** Opening SOURCE DATA block **

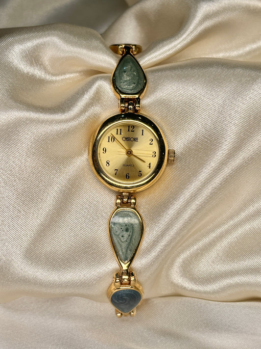 Sold outVintage Gold And Green Stone Watch
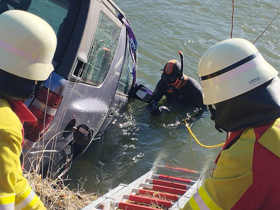 Bei der anschließenden Bergung des Wagens, der mit einem Schneepflug ausgestattet war und über keine amtlichen Kennzeichen verfügte, leistete die Wasserwacht ebenfalls tatkräftige Hilfe. Ein Mitglied befestigte unter Wasser die Gurte des Autokrans an den Vorderrädern, sodass der Abschleppdienst das Fahrzeug aus den Fluten hieven konnte. Die Freiwillige Feuerwehr Hegge unterstützte die Aktion. Nach gut dreieinhalb Stunden war der Einsatz für die beteiligten Kräfte von Polizei, Feuerwehr und Wasserwacht beendet. Über die Hintergründe des Vorfalls ermittelt die Polizei.
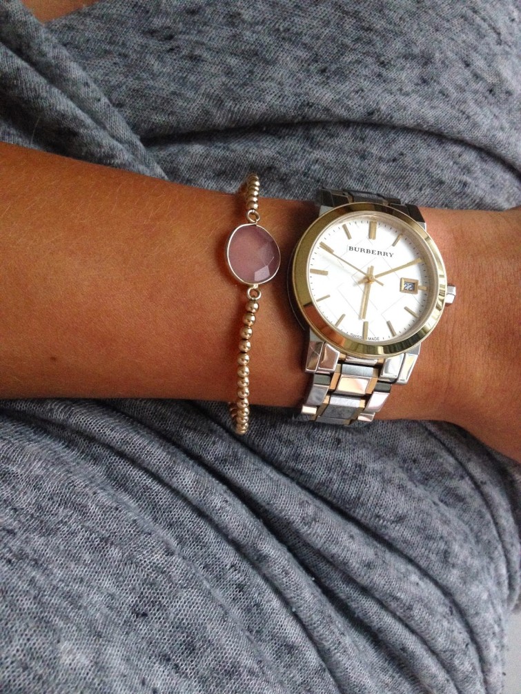 Closeup of everyday details. I’m wearing a draped skirt from Norr, my beloved Burberry watch and a bracelet with a rose quartz.
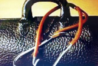 Usa un maletín de cuero negro a la antigua usanza, como aquellos que llevaban los médicos rurales en sus visitas domiciliarias.

** Closing SOURCE DATA block **

Skip all pictures. Then give again, exactly, each line from the line holding "Closeup of everyday" through the last line of the listing above, both ends included.

 Closeup of everyday details. I’m wearing a draped skirt from Norr, my beloved Burberry watch and a bracelet with a rose quartz.
 Usa un maletín de cuero negro a la antigua usanza, como aquellos que llevaban los médicos rurales en sus visitas domiciliarias.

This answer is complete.